#### [RAW DATA]
--- START ---
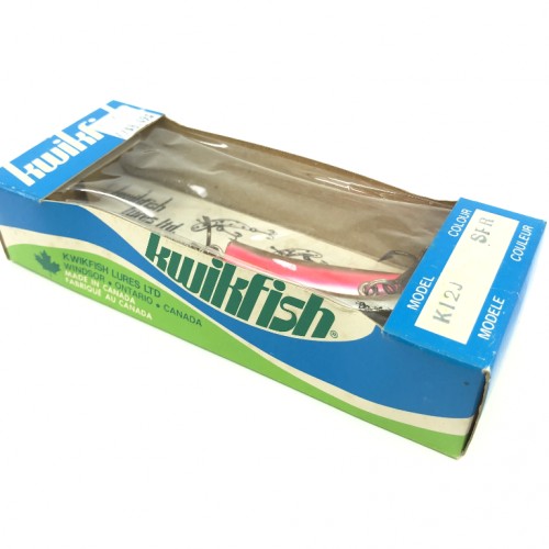 Pre Luhr-Jensen Kwikfish Jointed K12J SPR Sp Red Fluorescent Stripes Color New in Box Old Stock. Great lure here. Pre Luhr-Jensen and Pre Rapala. The K12J is listed as 6 1/4″ long and weighing 16 grams. New old stock here. Box in nice shape, lure new in box, see photos. Awesome lure for fishing, especially muskies, big pike, bass and walleye and very tough to find. Grab this one while you can. Collect or fish.
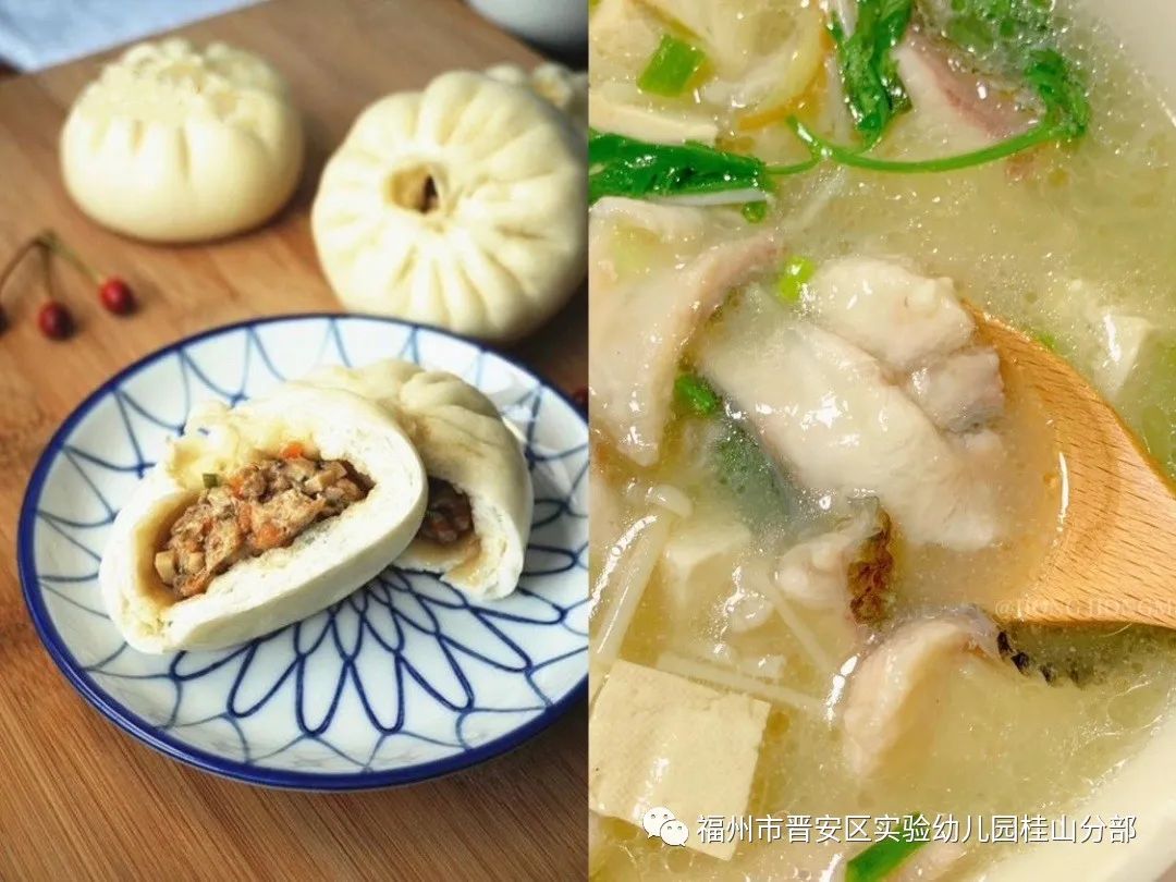 香菇猪肉包、豆腐香菇滑鱼汤、香菇炒花瓶菜
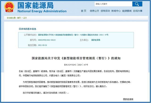 據(jù)國家能源局網(wǎng)站消息,為規(guī)范新型儲(chǔ)能項(xiàng)目管理,推動(dòng)新型儲(chǔ)能積極穩(wěn)妥健康有序發(fā)展,促進(jìn)以新能源為主體的新型電力系統(tǒng)建設(shè),支撐碳達(dá)峰、碳中和目標(biāo)實(shí)現(xiàn),國家能源局印發(fā)《新型儲(chǔ)能項(xiàng)目管理規(guī)范(暫行)》的通知。
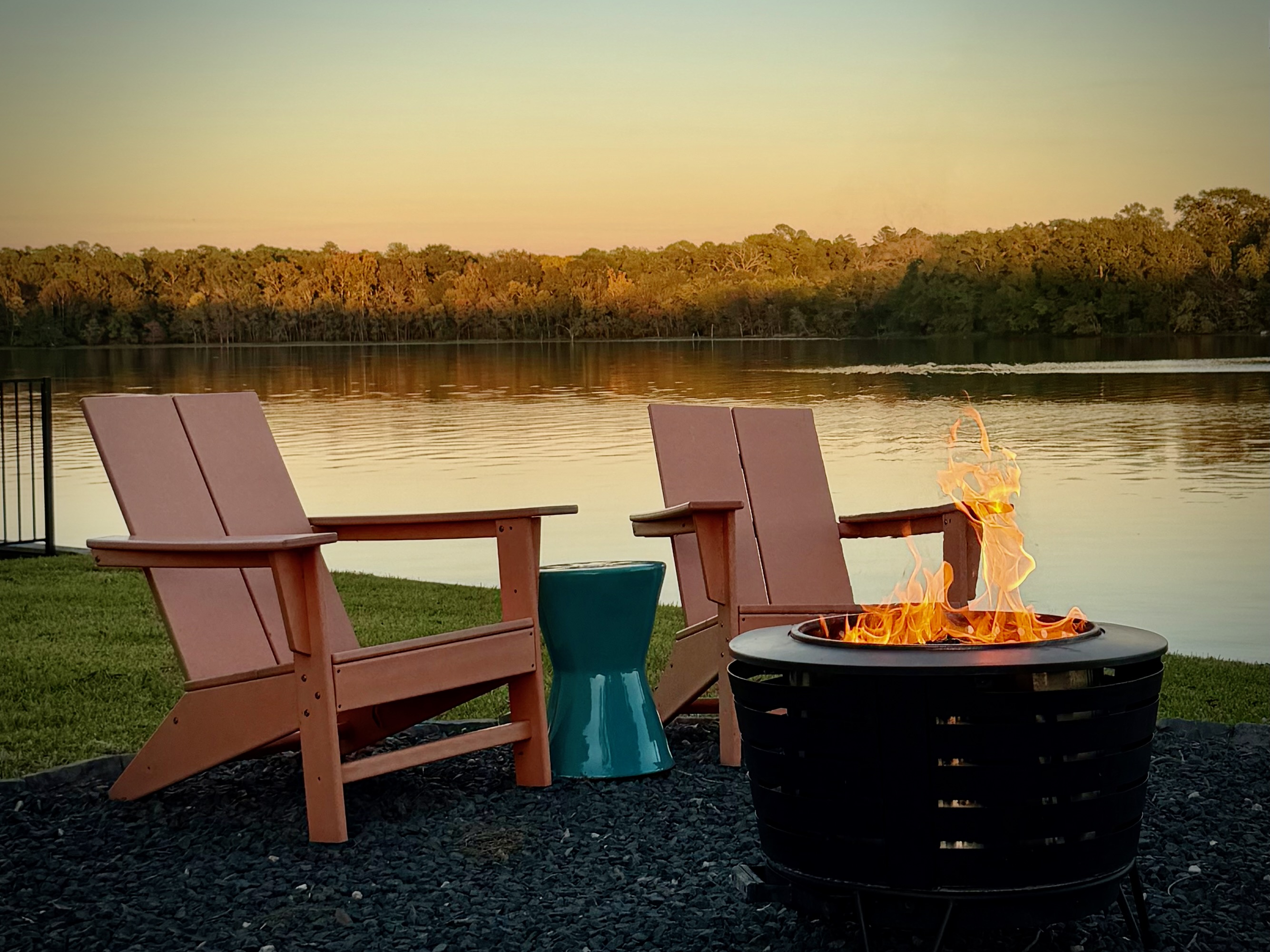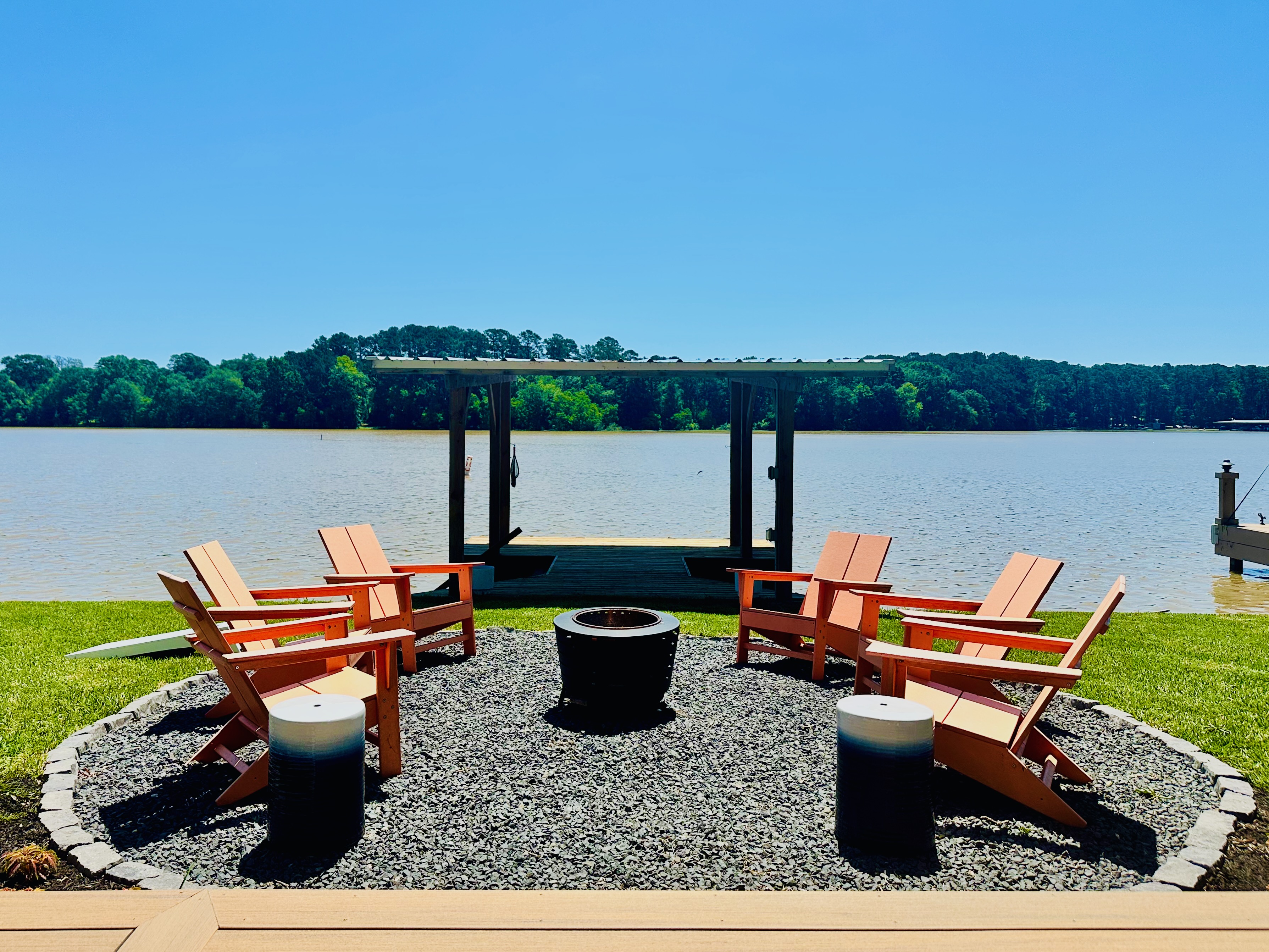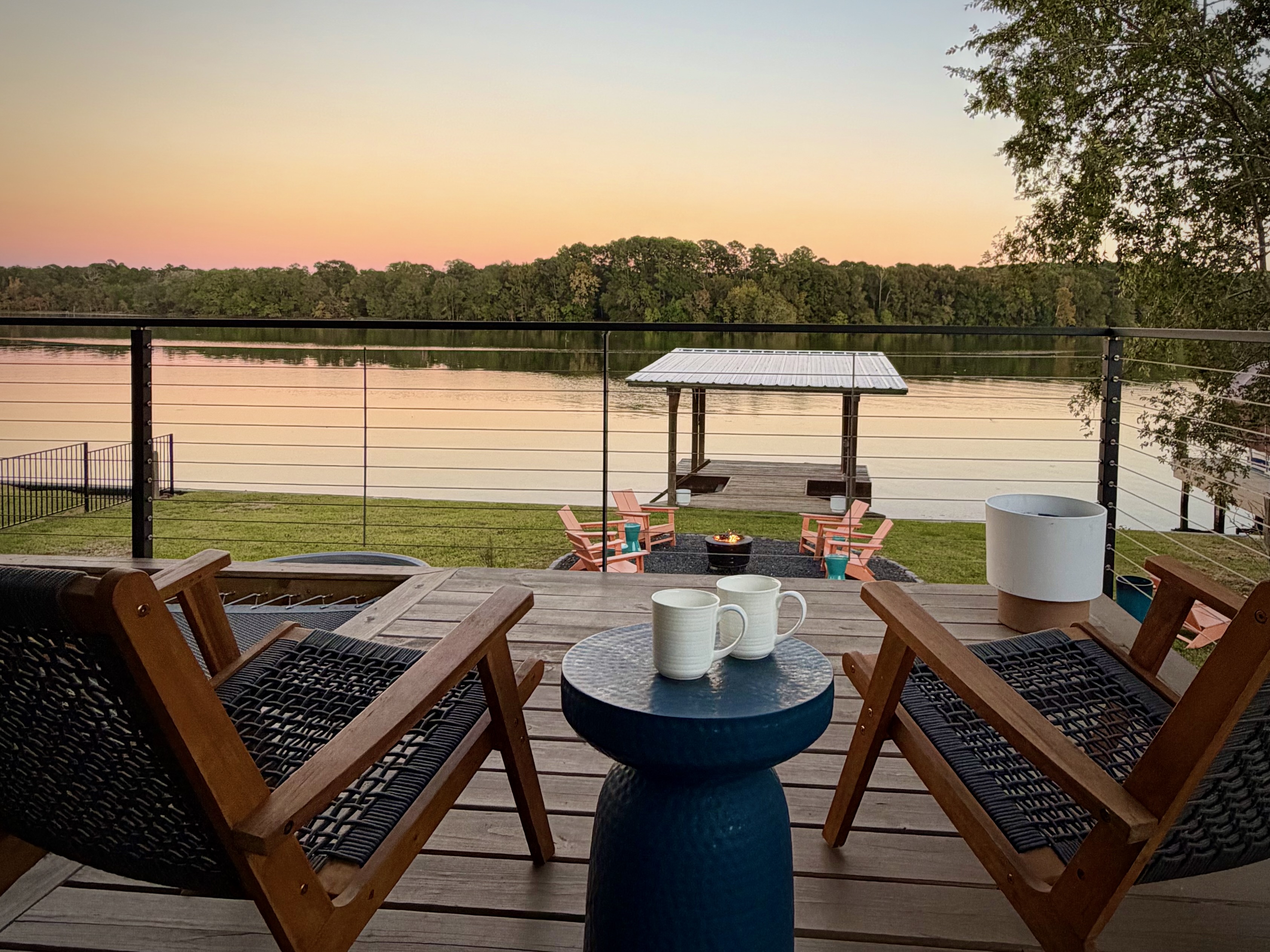 Savor mornings on the deck and cool nights by the fire at The Water’s Edge. Enjoy stylish interiors, a private dock with kayaks, and luxe touches throughout. Perfect for a relaxing getaway on Lake Conroe. → Lakefront lounge deck with Cowboy pool & ping pong → Waterfront fire pit lounge → Private dock + kayaks included → Gas grill → Designer interiors + luxury linens → Smart home lighting + Sonos audio
--- END ---
Your task is to restate word for word the lines from the top of the data to the line containing "據(jù)國家能源局網(wǎ", both ends included, with every picture left out.

#### [ANSWER FOR THIS EXERCISE]
 Pre Luhr-Jensen Kwikfish Jointed K12J SPR Sp Red Fluorescent Stripes Color New in Box Old Stock. Great lure here. Pre Luhr-Jensen and Pre Rapala. The K12J is listed as 6 1/4″ long and weighing 16 grams. New old stock here. Box in nice shape, lure new in box, see photos. Awesome lure for fishing, especially muskies, big pike, bass and walleye and very tough to find. Grab this one while you can. Collect or fish.
 香菇猪肉包、豆腐香菇滑鱼汤、香菇炒花瓶菜
 據(jù)國家能源局網(wǎng)站消息,為規(guī)范新型儲(chǔ)能項(xiàng)目管理,推動(dòng)新型儲(chǔ)能積極穩(wěn)妥健康有序發(fā)展,促進(jìn)以新能源為主體的新型電力系統(tǒng)建設(shè),支撐碳達(dá)峰、碳中和目標(biāo)實(shí)現(xiàn),國家能源局印發(fā)《新型儲(chǔ)能項(xiàng)目管理規(guī)范(暫行)》的通知。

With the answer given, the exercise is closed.